→ Extracted data
----
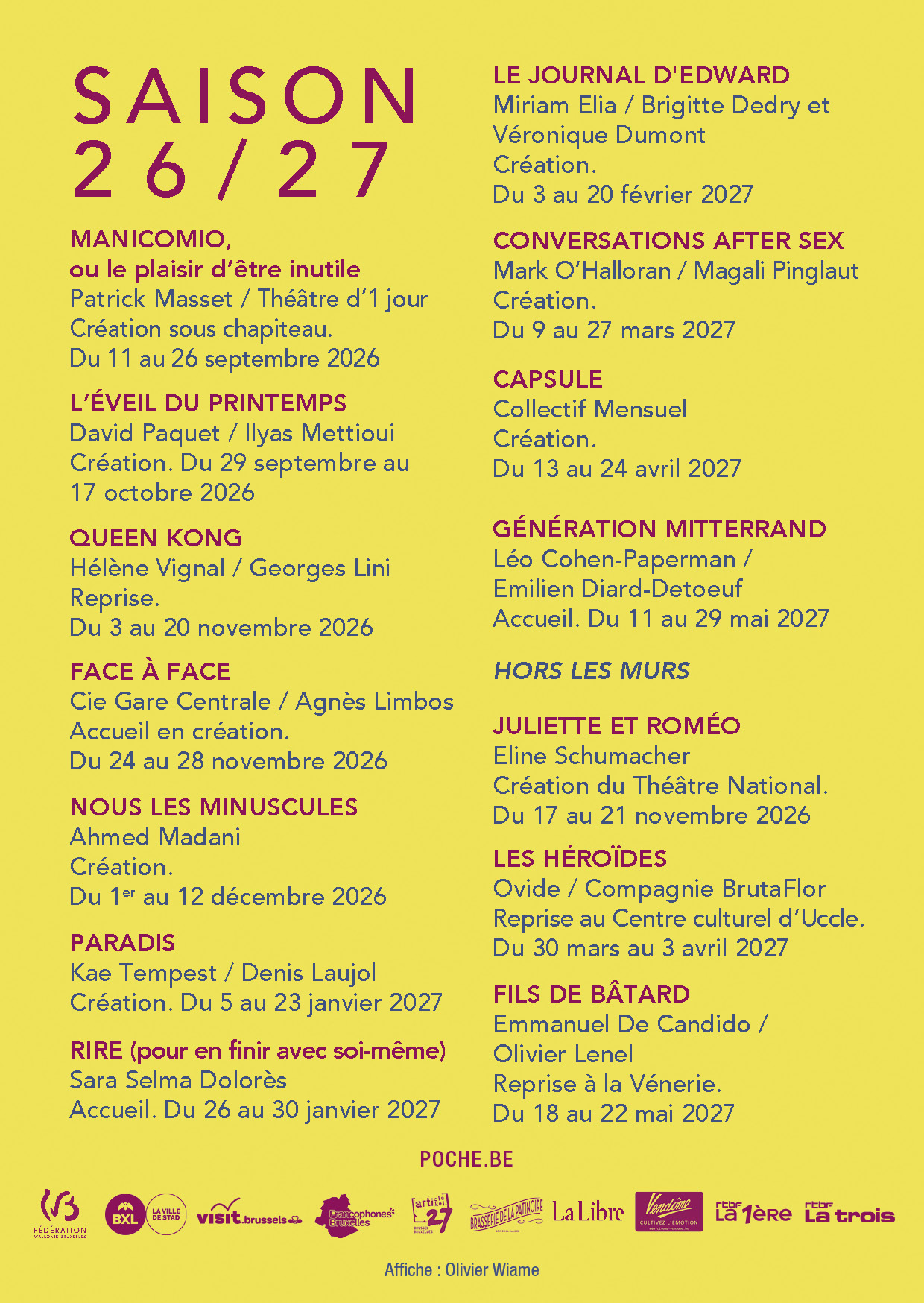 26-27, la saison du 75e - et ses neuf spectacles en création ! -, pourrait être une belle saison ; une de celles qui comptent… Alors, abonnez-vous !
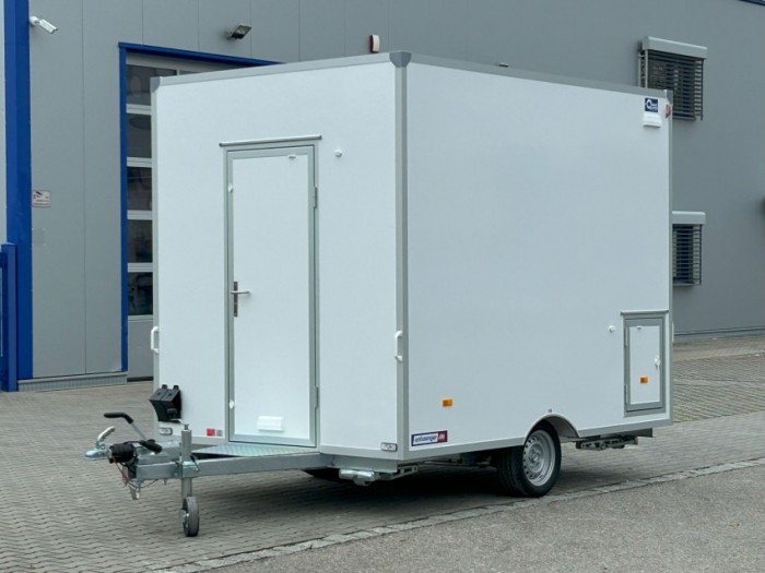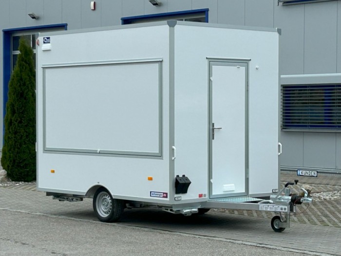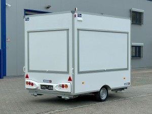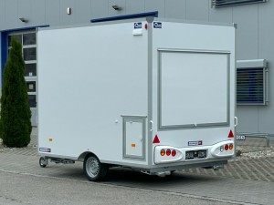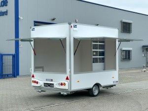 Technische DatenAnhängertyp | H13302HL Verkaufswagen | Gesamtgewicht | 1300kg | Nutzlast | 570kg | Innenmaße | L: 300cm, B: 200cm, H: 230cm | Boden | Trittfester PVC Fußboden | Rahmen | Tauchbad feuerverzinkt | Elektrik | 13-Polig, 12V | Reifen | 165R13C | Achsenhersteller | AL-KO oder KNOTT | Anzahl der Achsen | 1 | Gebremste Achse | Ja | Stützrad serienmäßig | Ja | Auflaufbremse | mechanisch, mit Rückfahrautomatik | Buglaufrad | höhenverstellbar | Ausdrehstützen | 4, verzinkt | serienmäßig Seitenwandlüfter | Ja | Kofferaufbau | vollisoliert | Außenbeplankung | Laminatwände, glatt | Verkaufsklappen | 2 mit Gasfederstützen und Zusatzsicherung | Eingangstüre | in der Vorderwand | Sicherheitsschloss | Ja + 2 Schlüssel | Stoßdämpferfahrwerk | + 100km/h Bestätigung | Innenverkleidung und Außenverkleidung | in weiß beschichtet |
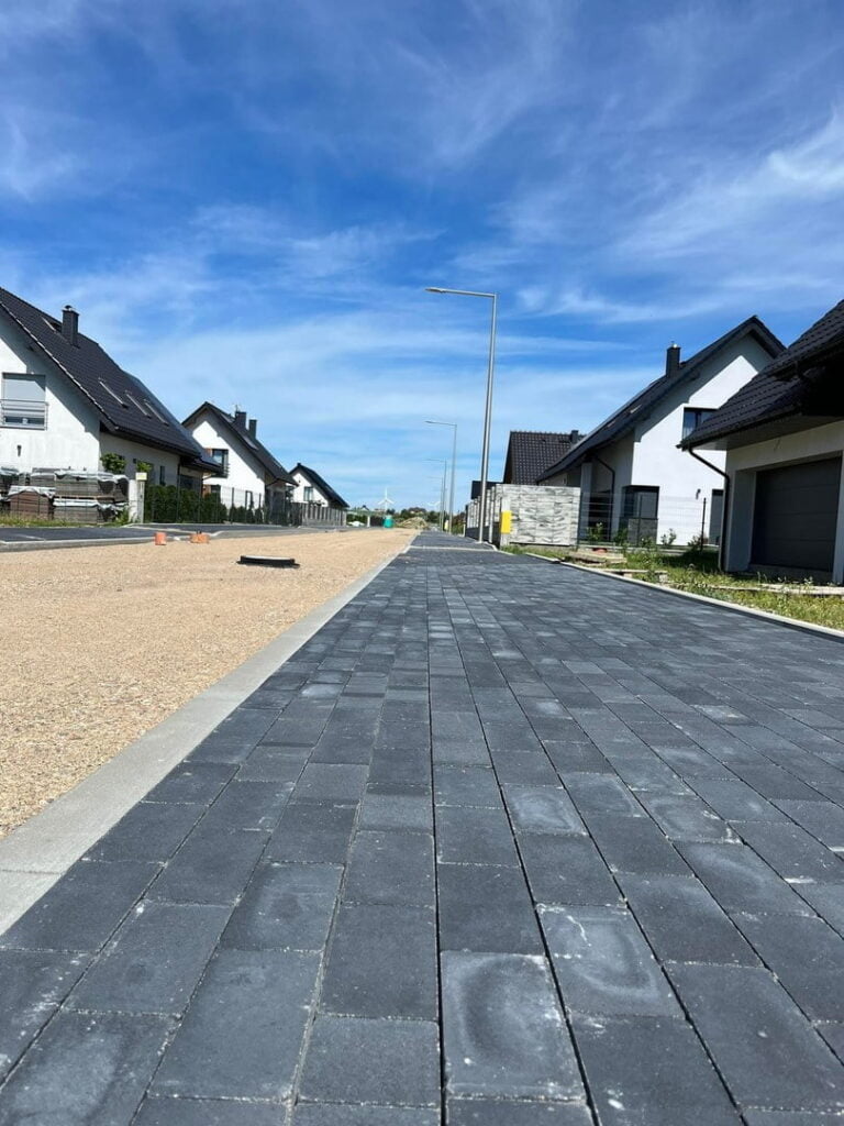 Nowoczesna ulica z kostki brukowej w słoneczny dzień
----
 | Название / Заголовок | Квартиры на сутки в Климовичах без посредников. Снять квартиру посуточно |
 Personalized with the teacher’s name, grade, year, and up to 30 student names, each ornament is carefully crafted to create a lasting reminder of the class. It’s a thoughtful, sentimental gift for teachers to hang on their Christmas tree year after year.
----
→ Work request
Within the listing above, the range opens at the line with "квартиру посуточно |" and closes at the line with "Personalized with the". Reproduce exactly the lines of that range, including both ends.

→ Answer space
 | Название / Заголовок | Квартиры на сутки в Климовичах без посредников. Снять квартиру посуточно |
 Personalized with the teacher’s name, grade, year, and up to 30 student names, each ornament is carefully crafted to create a lasting reminder of the class. It’s a thoughtful, sentimental gift for teachers to hang on their Christmas tree year after year.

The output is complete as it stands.